Yesterday, the day I bought a $500 handbag, I said these words, As of today, I’m officially done with shitty stuff. Up until that moment, I’d been carrying my wallet, notebook, pencil case, lipstick and keys around in a tattered tote bag from a conference I went to earlier in the year. Sure, the tote has a Beyonce quote on the side, but also: a small tear at the seam from going through the wash.
Picture it: a wrinkled canvas tote bag. In other words, straight-up super-shitty stuff.
Those days are over.
That end has been coming for a while. I've been immersed all year in a different sort of environment for me, quite deliberately, through the Mastermind group I'm in. This year I've paid up to have the VIP experience. I've flown First Class. I've hired a private car to the airport. I've availed myself of the services of a personal stylist. I have loved every moment of those experiences: the feeling of them. And I've resisted making them too much a part of my day-to-day, reserving all that goodness for special occasions. Travel. Big life events.
Lately, though, the contrast has become too sharp for me. We were in a restaurant near our house a few weeks ago, and I was so rankled by the poor service, that I realized I'd rather be home, eating something, almost anything, of my own making, than find myself instead the object of so very little caring. I actually felt bad being in a place where the servers so clearly didn't give a shit, where there was no concerted, observable effort to create a good, fun, delicious experience for the diners, that I started to question why I put myself in those situations. Do I think I don't deserve more than that, better than that?
I tell you what: I'll never go to that place again.
Because I'm officially done with shitty stuff.
These VIP experiences I've had this year have been putting increasing strain on all of my "regular" experiences and interactions, by shining a light. Now that I really know what's possible, that I've let myself have a taste of what's possible -- great service, genial professional assistance, excellent quality products -- it's harder and harder to settle for everything else, anything less. Everything else that wasn't a big deal for me before. Because I had this idea that I didn't care. I had this idea that it was beneath me to give a shit, to pay more, to focus on the material.

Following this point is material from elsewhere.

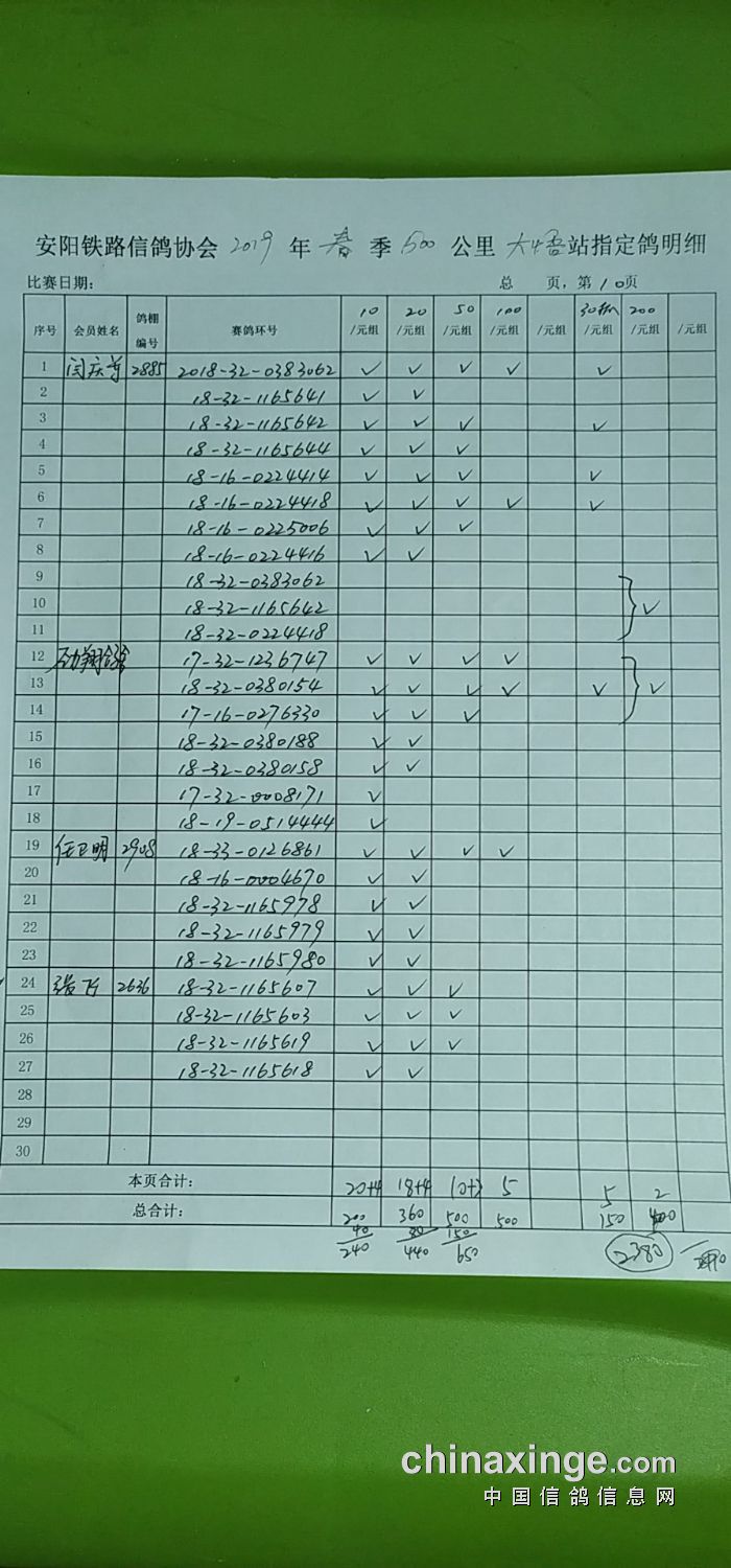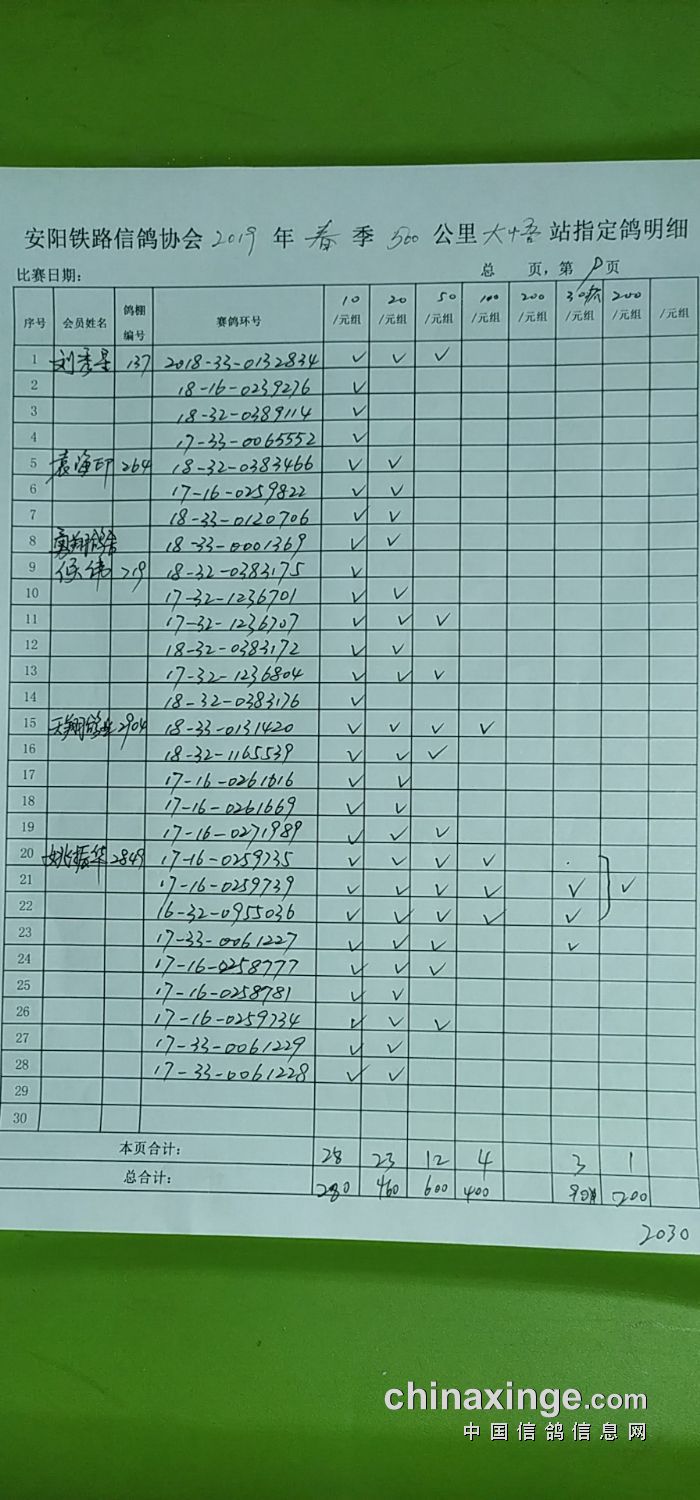 2019年春500公里第二关信阳站指定明细(2)

But that was just so much bullshit.
Nice stuff is, well, NICE.
That's part of the reason why I was carrying around that sorry-ass tote. I do have purses at home, but nothing that I love. A few months ago I picked up a second-hand bag for a song, but stopped using it. Too big, not quite right, too many tassels. Bags are, like boots for me, a perennial obsession. I just never seem to have one that suits me, that I really and truly love. It's two-fold: I don't ever see something that I wholeheartedly love and even so, I resist spending the money. So I end up with a whole bunch of shitty stuff that I don’t actually like and can’t commit to. And then, because I want to not care, I throw my stuff into the first tattered tote bag I can find, and off I go.
Things change. Sometimes imperceptibly, and then BAM.

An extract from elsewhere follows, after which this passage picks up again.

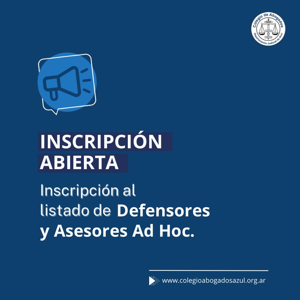 La inscripción se podrá efectuar ante el Colegio de Abogados Departamental por e-mail a secretaria@colegioabogadosazul.org.ar, hasta el 29 de diciembre de 2023 inclusive.
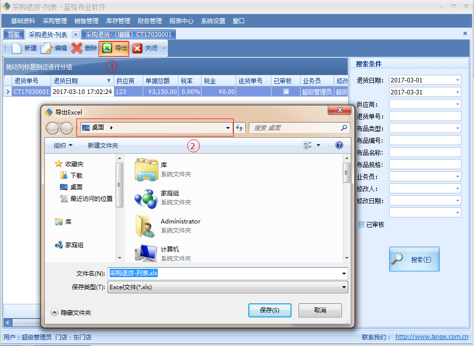 導(dǎo)出是把當(dāng)前列表中所有的記錄以 Excel 表格方式導(dǎo)出。在采購(gòu)?fù)素浟斜砩宵c(diǎn)擊工具欄【導(dǎo)出】按鈕。

Yesterday, though, I was coming off my second experience of working with a personal stylist at Nordstrom. On the heels of one super-efficient hour of playing with dresses and color and possibility, I was smiling to myself as I made my way out of the store, knowing I'd just locked down the perfect look for my upcoming Mother of the Groom gig. I breezed past make-up, not interested enough to stop and look at MAC colors, content. I kept walking and found myself in handbags where, on a table, was the bag I fell in love with. Right size. Right color (not black in other words). Gorgeous smell of leather. Gorgeous.
I dug around inside the bag, looking for the price. Couldn't find it. I took the bag to the register to asked the good woman working there to check on it for me. She said the number, and I didn't talk myself out of it. It was love. I just said Yes. Let's Do This. Yes.
I'm about beautiful.
Now when I look at this bag -- it's sitting on my desk -- when I handle it, when I smell its fine leather-smell, I realize how for so long in my life I was doing it wrong. I had this backwards idea: that I didn't want a nice handbag because I didn't need my value shored up somehow by a status item. But that's not it at all. When I look at this gorgeous buttery-soft sweet-smelling Chloe handbag, I think, instead: that's what I'm like -- fine, quality, enduring, gorgeous. I see an externalization of everything awesome about me, like the purse on my arm is telegraphing to everyone around me: lookee here, here comes some fabulous.
I want to feel good about the things I own. I want them, like this handbag, to reflect what I care about, what I love, what I value: beautiful things made well. Beautiful things.
And just like that, I feel I've turned a significant corner. I feel clearer. I look at my handbag, and love it, and I am sure: totally done with shitty stuff. Bring on the beautiful.